Les problèmes éthiques liés à la profession du psychologue militaire ont préoccupé les chercheurs depuis bien longtemps, mais le souci de formuler des règles précises dans des codes de déontologie n'a été ressenti de façon aiguë qu'à certaines époques.

Les codes de déontologie publiés en France et surtout ceux, plus nombreux, diffusés notamment aux États-Unis n'ont pas toujours suscité l'intérêt qu'ils méritent par rapport aux enjeux qu'ils représentent. En France, ils n'ont fait l'objet que d'un nombre très limité de publications[6]. Au Liban, il n’a pas de code de déontologie propre aux psychologues libanais, ces derniers se réfèrent à celui de la France, lequel est peu respecté.
 

4.1. De l'origine du terme «éthique»

Le mot «déontologie» apparaît pour la première fois en langue française en 1825, dans la traduction de l'ouvrage du philosophe utilitariste anglais Jeremy Bentham intitulée: «Essai sur la nomenclature et la classification des principales branches d'Art et Science», dans lequel l’auteur écrit: «L'éthique a reçu le nom plus expressif de déontologie».

Toutefois, il est nécessaire de distinguer l’éthique de la déontologie.
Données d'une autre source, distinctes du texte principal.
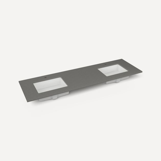 - Our stunning glass top features a rectangular integrated sink, without overflow, in a 19/32" thickness. Our quartz stone tops feature a white rectangular sink, with overflow, in a 3/4" thickness.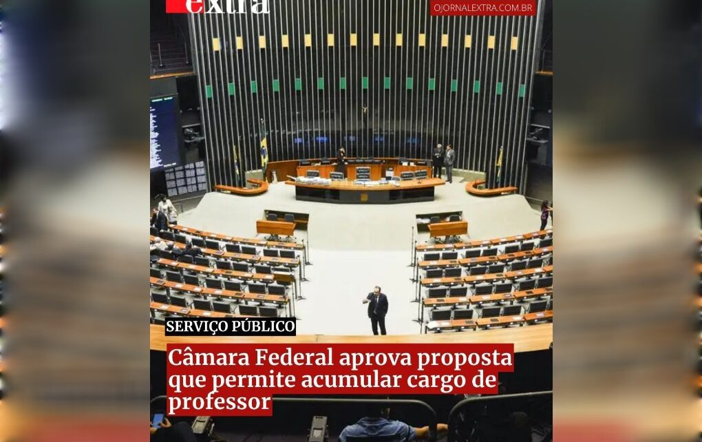 A Câmara dos Deputados aprovou em dois turnos a Proposta de Emenda à Constituição (PEC) 169/19, que autoriza a acumulação remunerada, no serviço público, de um cargo de professor com outro de qualquer natureza. O texto segue para o Senado.

En effet, la déontologie se rapporte à un ensemble de règles et de devoirs en vigueur au sein d'une corporation donnée et auquel les membres doivent se soumettre. La déontologie vise ainsi essentiellement à protéger le patient et son entourage des éxcès éventuels des professionnels, et dépend donc de certains principes moraux comme la liberté individuelle et le respect de la dignité, qui sont du ressort de l’éthique. Les codes de déontologie auxquels les psychologues se réfèrent se basent sur ces principes moraux, mais ne sont toutefois pas juridiquement utilisables dans le cadre de poursuites ou de défense. La production du code de déontologie des psychologues ainsi que son usage impliquent nécessairement une réflexion éthique, tant du point de vue de son contenu que de son application, mais il ne constitue pas en lui-même une analyse éthique.
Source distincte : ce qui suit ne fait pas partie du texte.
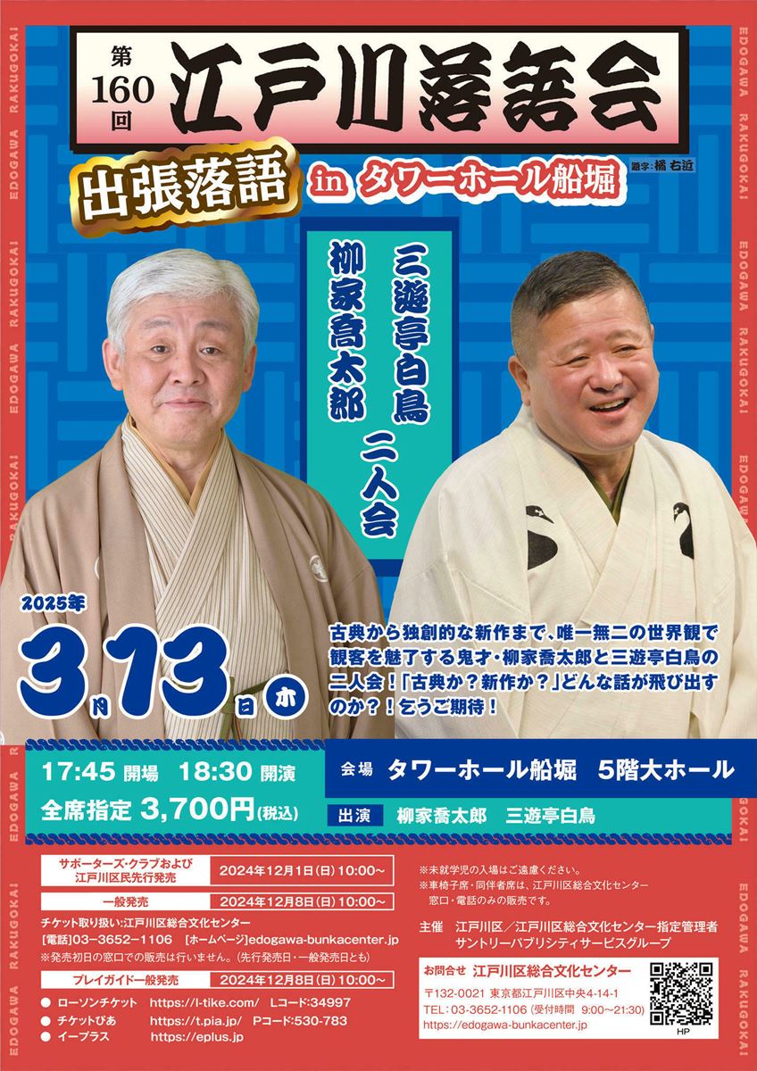 第160回江戸川落語会 25/3/13(木) タワーホール船堀 大ホール シェア ツイート 人気落語家、柳家喬太郎と三遊亭白鳥による二人会。 上演情報 ジャンル 落語/演芸 料金 一般-3,700円 全席指定未就学児は入場不可車椅子・同伴者席は江戸川区総合文化センター窓口・電話のみの販売です 表示できるチケット情報はありません詳しくはこちら キャスト&スタッフ 出演 柳家喬太郎 三遊亭白鳥 [出演]柳家喬太郎 / 三遊亭白鳥 お問い合わせ 江戸川区総合文化センター 9:00~21:30 公式サイト シェア ツイート

Il est fréquent que les termes éthique et morale soient confondus. Pourtant, l'éthique se réfère principalement à des questions originelles, comme les fondements des principes moraux, et par suite sur ce qui soutient l'action de l'homme dans des situations dans lesquelles un choix est possible (valeurs, principes personnels etc.). Nous voyons ainsi que l'éthique renvoie aux principes moraux profonds, à un questionnement, tandis que la morale met en question l'application concrète de ces principes moraux. De ces précisions sémantiques, nous déduirons donc que «l'éthique professionnelle comporte deux sources: l'éthique personnelle et le cadre déontologique»[7].
 

4.2. Éthique et évaluation

Au temps des pharaons, c'était le dieu Osiris lui-même qui, entouré de ses quarante-deux assesseurs, procédait à l'évaluation du défunt en vue de son éventuelle admission à l'état d’éternité. Le mort, quant à lui, tentait de se tirer d'affaire de son mieux: il s'efforçait, grâce à des formules rituelles, de faire taire son cœur, le siège de sa mémoire et témoin de toute son existence, dont la sincérité indiscrète pouvait lui être fatale. Ainsi, depuis cinq mille ans, l'évaluation est considérée comme une situation à haut risque et l'on reconnaît le principe selon lequel «nul n'est tenu de révéler quoi que ce soit sur lui-même», ce qui ne facilite pas la tâche de l'évaluateur.
 

4.3. Pourquoi et comment évaluer ?

Posée dans un contexte social, la question «faut-il évaluer?» n’a qu’une valeur rhétorique car l'évaluation est omniprésente dans notre culture et il est donc nécessaire d'en analyser les implications.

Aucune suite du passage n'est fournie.